I thought that I could change you
but you changed me.

But it doesn't feel right,
holding someone else's hand.
Together on phone line,
and living at two opposite ends.

It scares me to think,
that you could find takers other than me
and better than me.

But you're head is elsewhere,
and I’m talking enough for both of us.
When will you see it's not (it’s not) so easy for me
you’re careless, and whispered, insulting, and bruising.

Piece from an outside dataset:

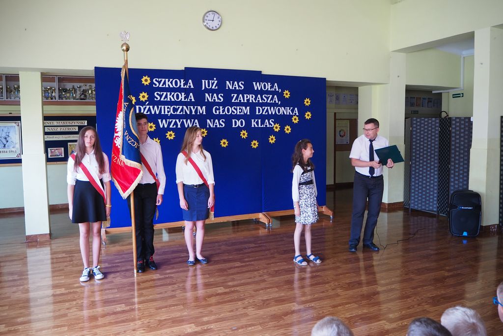 Po krótkich informacjach dotyczących funkcjonowania szkoły w nadchodzącym roku szkolnym, Dyrektor przedstawił nowych uczniów. Czternastu pierwszaków zostanie uroczyście włączonych do grona uczniów w październiku na akademii z okazji Dnia Edukacji Narodowej. Całej społeczności przedstawił również troje nowych uczniów starszych klas, którzy przeszli do nas z innych szkół.

And I thought that you said
things were improving.
These laces are untied,
but my feet are still walking away.

(I fall from you eyes, your eyes I trusted, you said forever)
I never thought that you could say these words.
Is this really happening?
I never thought that you could say these words.
(Don't say...)
Is this really happening?
I never thought that you could say these words.
(Don't say that we can...)
Is this really happening?
I never thought that you could say these words.
(Don't say that we can still be...)
Is this really happening?
I never thought that you could say these words.
Is this really happening?
(Don't say that we can still be friends)

Erase my name from this page.

How can you take all these days
(What is inside of me what have I done?)
and throw them away
(Is this the only way that you will notice me?)
as I sit here waiting for you (for you)
(Dead words for closed ears all this is sung for you)

I stay up nights
(If you are still pretending this is what's right)
until stars leave the sky
(Why cant you look at me can you only see?)
knowing what my dreams can take away
(Sides, your side, can take away)
Walk away from me.
This night is done.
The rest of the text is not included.